» **DATASET CONTENT**:
-=-=-

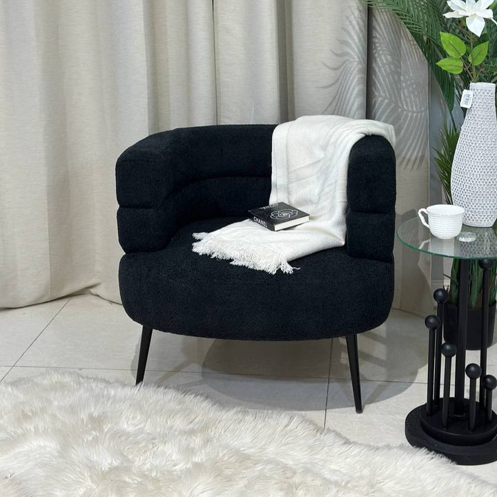 اجعل منزلك ينبض بالفخامة والراحة مع كرسي البوكليه الأسود، القطعة المثالية التي تجمع بين التصميم الجريء والأناقة الخالدة. هذا الكرسي مصمم ليصبح نقطة محورية في أي غرفة، مقدماً تجربة جلوس مريحة وفاخرة
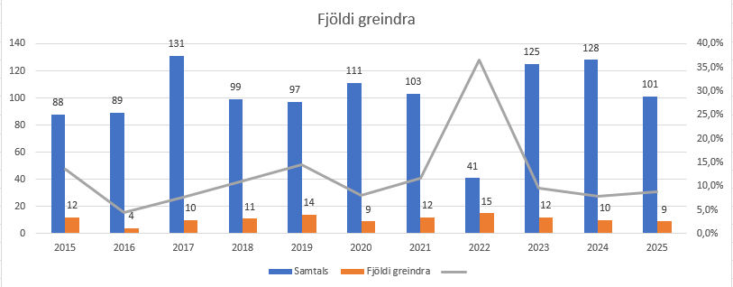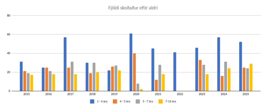 Á árinu voru 130 hundar skoðaðir en 82 hundar með eitt vottorð, 21 voru skoðaðir tvisvar og tveir skoðaðir þrisvar. Voru því gefin út 128 vottorð árið 2025. 9 voru með greiningu og voru þeir allir yfir 7 ára.
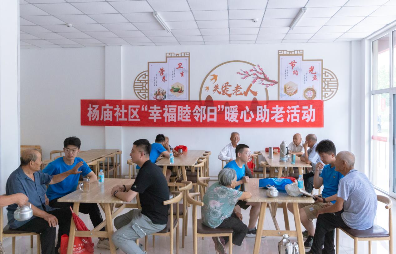 实践队员在杨庙社区与社区老人话家常 李洪刚摄影
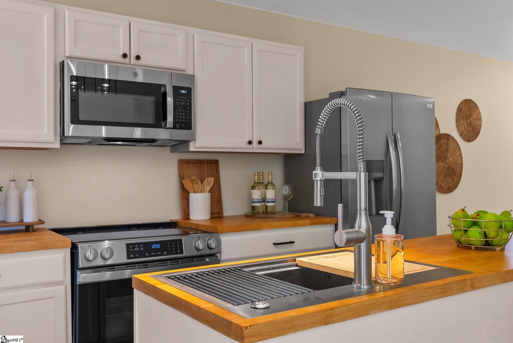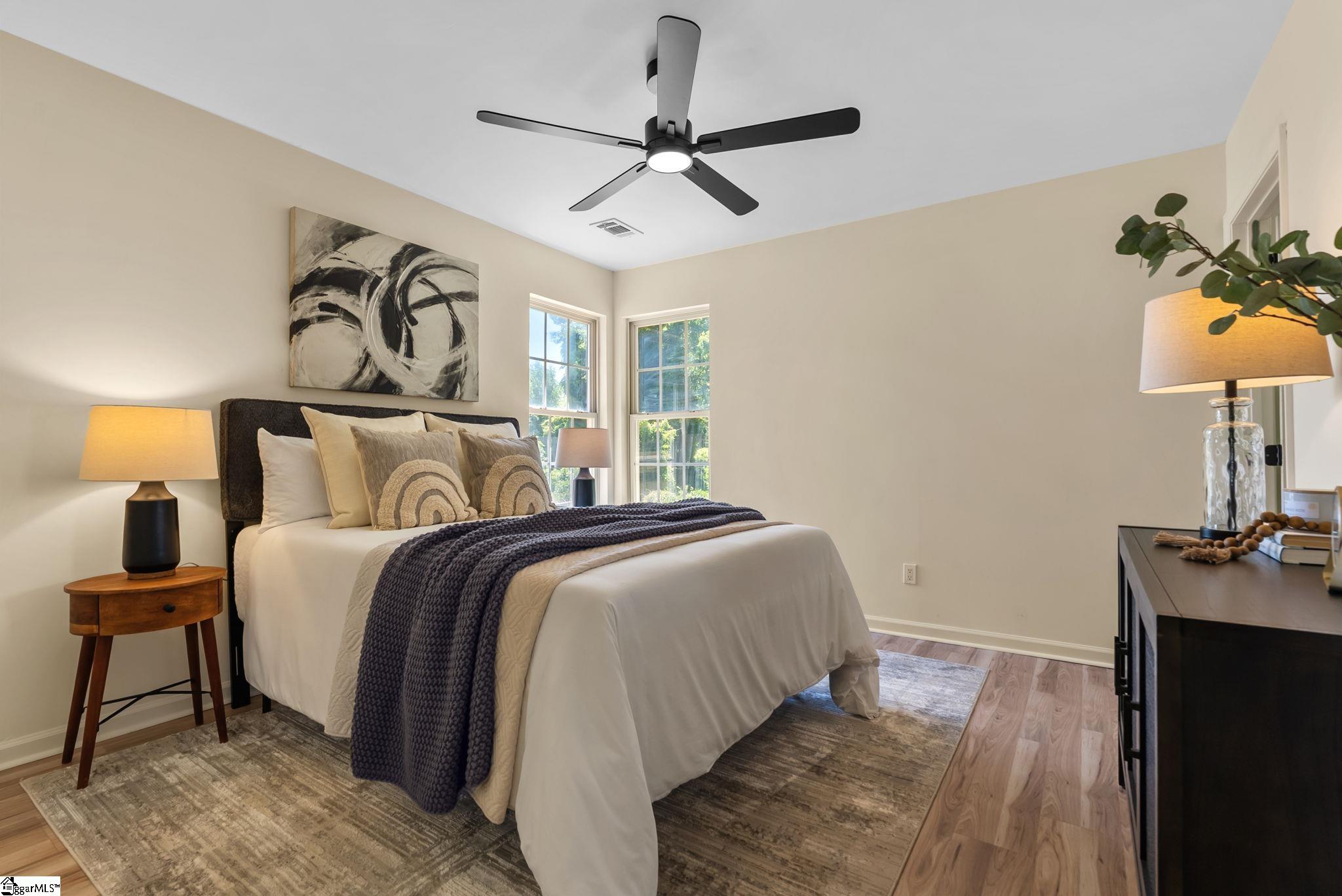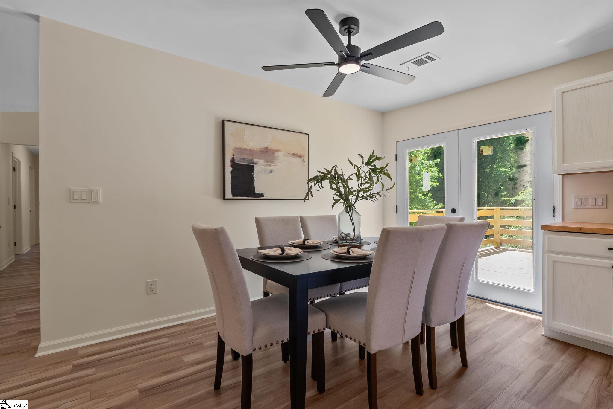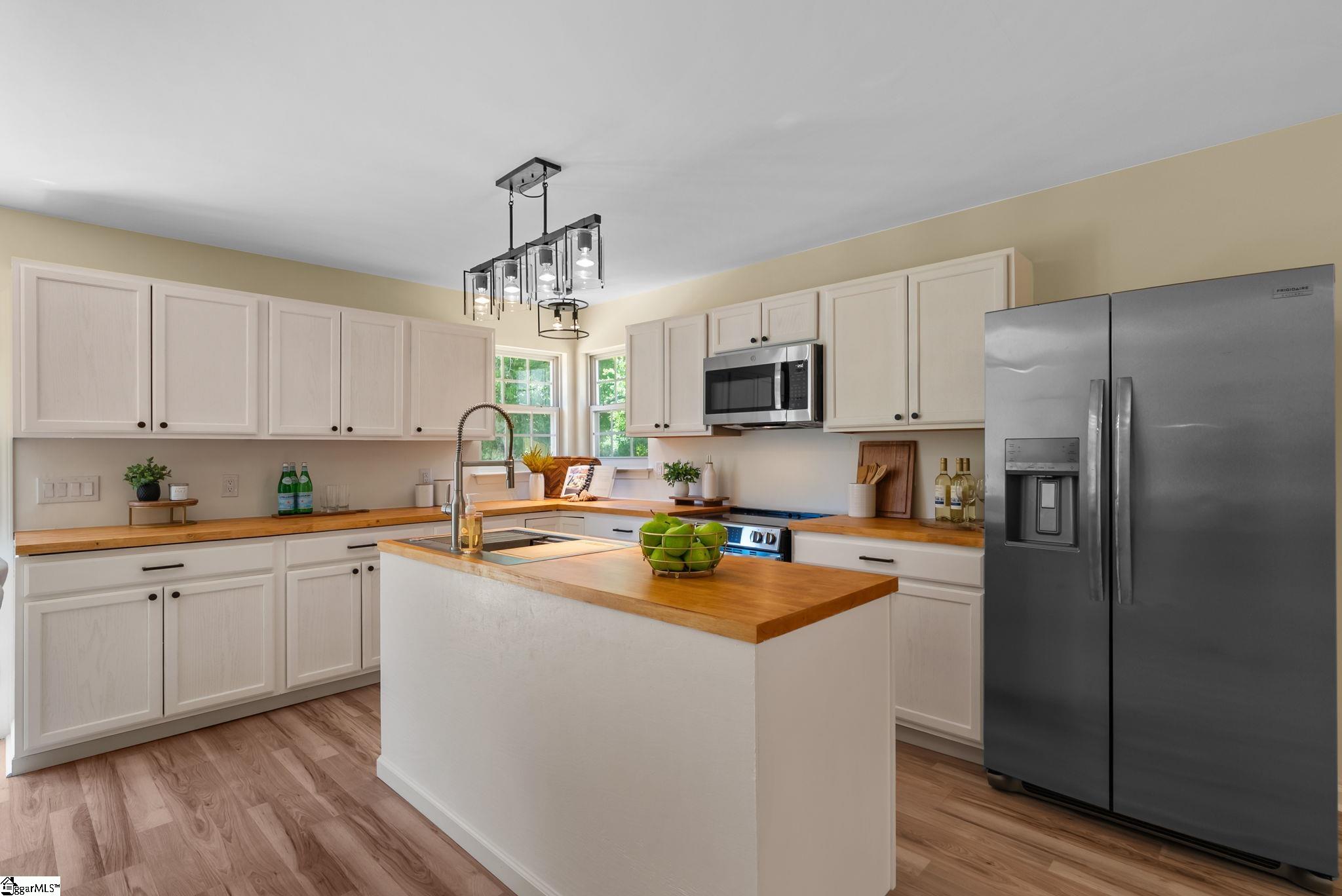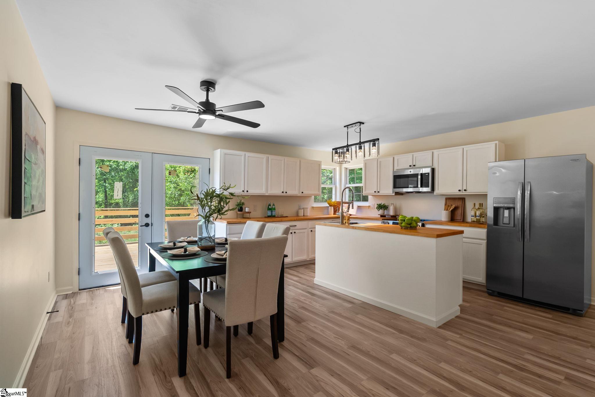 Welcome to 7 Stadium Dr., a stunningly renovated single-family home perfectly situated in the desirable Piedmont Park area. From the moment you step into the foyer, you are greeted by an expansive living room with vaulted ceilings and an abundance of natural light, highlighting the brand-new LVP flooring that flows throughout the entire home. The heart of this residence is the beautifully updated kitchen, a chef's dream boasting elegant butcher block countertops, ample cabinetry, and sleek stainless steel appliances. A functional center island serves as a focal point, while large windows offer a bright, airy atmosphere. For seamless indoor-outdoor living, the kitchen and dining area provide direct access to a spacious back deck, perfect for morning coffee or weekend gatherings. The thoughtful layout places the primary suite on one side of the home, offering a private retreat complete with a modern vanity and a walk-in shower. Two additional well-appointed bedrooms are located nearby, sharing a stylish full bathroom. This home also features a versatile bonus room, ideal for an additional bedroom, quiet home office or additional storage, and an attached two-car garage for ultimate convenience. Located just moments from the scenic Herdklotz Park and top-rated Wade Hampton High School, you'll enjoy easy access to the vibrant retail corridor along Wade Hampton Boulevard and a short, easy drive to the award-winning dining and entertainment of downtown Greenville.

-=-=-

» **WHAT YOU WILL DO**:
Give back all the material exactly, with no pictures.

» **OUTPUT FOR THIS EXERCISE**:
 اجعل منزلك ينبض بالفخامة والراحة مع كرسي البوكليه الأسود، القطعة المثالية التي تجمع بين التصميم الجريء والأناقة الخالدة. هذا الكرسي مصمم ليصبح نقطة محورية في أي غرفة، مقدماً تجربة جلوس مريحة وفاخرة
 Á árinu voru 130 hundar skoðaðir en 82 hundar með eitt vottorð, 21 voru skoðaðir tvisvar og tveir skoðaðir þrisvar. Voru því gefin út 128 vottorð árið 2025. 9 voru með greiningu og voru þeir allir yfir 7 ára.
 实践队员在杨庙社区与社区老人话家常 李洪刚摄影
 Welcome to 7 Stadium Dr., a stunningly renovated single-family home perfectly situated in the desirable Piedmont Park area. From the moment you step into the foyer, you are greeted by an expansive living room with vaulted ceilings and an abundance of natural light, highlighting the brand-new LVP flooring that flows throughout the entire home. The heart of this residence is the beautifully updated kitchen, a chef's dream boasting elegant butcher block countertops, ample cabinetry, and sleek stainless steel appliances. A functional center island serves as a focal point, while large windows offer a bright, airy atmosphere. For seamless indoor-outdoor living, the kitchen and dining area provide direct access to a spacious back deck, perfect for morning coffee or weekend gatherings. The thoughtful layout places the primary suite on one side of the home, offering a private retreat complete with a modern vanity and a walk-in shower. Two additional well-appointed bedrooms are located nearby, sharing a stylish full bathroom. This home also features a versatile bonus room, ideal for an additional bedroom, quiet home office or additional storage, and an attached two-car garage for ultimate convenience. Located just moments from the scenic Herdklotz Park and top-rated Wade Hampton High School, you'll enjoy easy access to the vibrant retail corridor along Wade Hampton Boulevard and a short, easy drive to the award-winning dining and entertainment of downtown Greenville.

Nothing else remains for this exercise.